Anthropic and OpenAI have simultaneously published their findings from a joint evaluation of their public AI models’ alignment. In simulated scenarios, both companies examined how their systems handle abuse, sycophancy, sabotage, and self-preservation.
Sycophancy refers to excessively affirming or pleasing the user, even when they express incorrect or dangerous ideas.
None of the models appeared to be seriously misaligned, but clear concerns did emerge. OpenAI’s specialized o3 reasoning model exhibited the most robust behavior, while GPT-4o, GPT-4.1, and o4-mini were more often willing to cooperate with abuse, including providing detailed instructions for drug synthesis, biological weapons, and terrorist scenarios. Anthropic’s Claude models were more cautious, but sycophancy also occurred regularly, sometimes even confirming delusions.
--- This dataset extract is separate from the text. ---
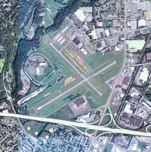 USGS digital orthophoto of Allentown Queen City Municipal Airport - Pennsylvania.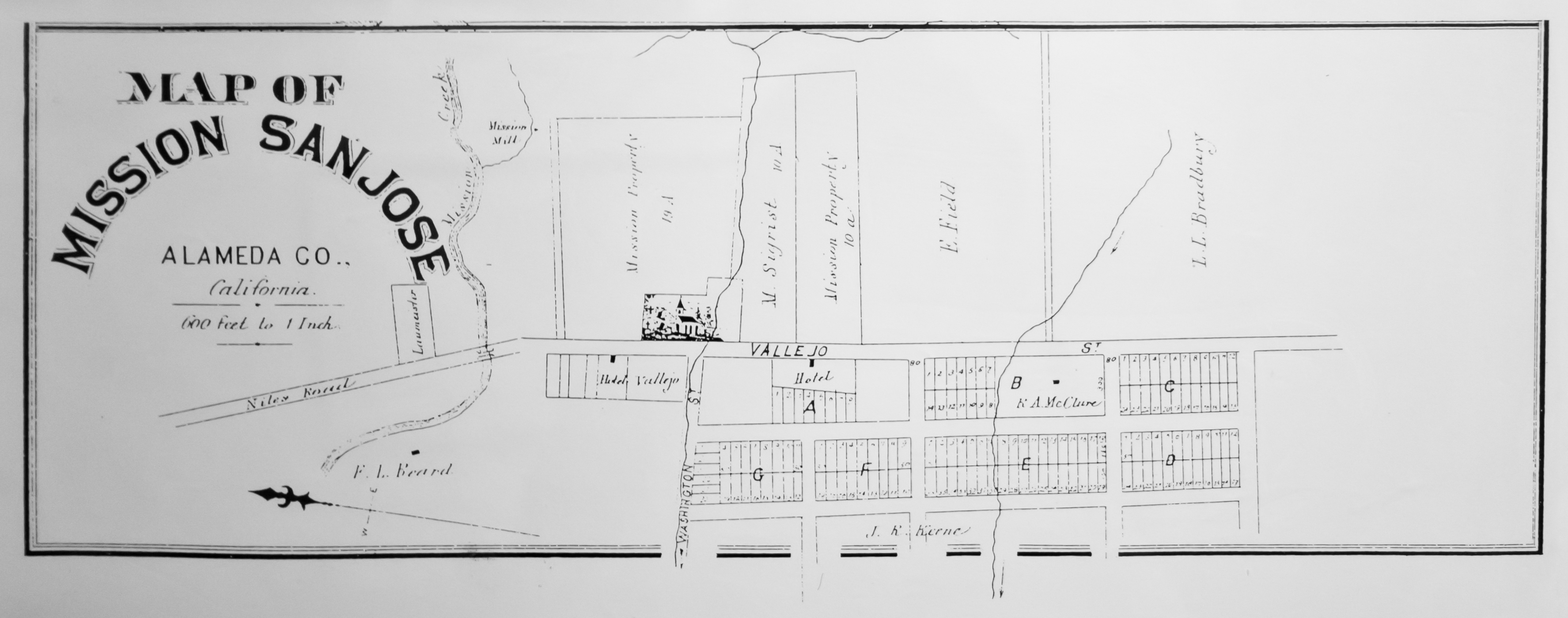 According to the exhibit caption: "Official and Historical Atlas Map of Alameda County, California, Thompson & West, Oakland, California, 1878, page 124."

During the tests, the labs were temporarily granted special API access with relaxed security filters. Shortly thereafter, Anthropic revoked that access after a dispute over terms of use, although both parties claim this is unrelated to the cross-evaluation. It also appears that Claude Opus 4 and Sonnet 4 refused to answer up to 70 percent of uncertain questions, while OpenAI’s o3 and o4-mini provided answers more often but also produced more hallucinations.
Suicidal thoughts
Concerns about sycophancy were given added urgency by a lawsuit filed by the parents of 16-year-old Adam Raine. They claim that ChatGPT, powered by GPT-4o, confirmed his suicidal thoughts and even helped him write a suicide note. Adam died in April. OpenAI acknowledges the seriousness of this case and says that GPT-5 is now better equipped to deal with mental health crises, with improved interventions and options for connecting with therapists.
Both companies emphasize that the tests are artificial and do not accurately reflect behavior in commercial products. Nevertheless, they see collaboration and the sharing of evaluation materials as a crucial step in reducing blind spots and making alignment research more widely accessible.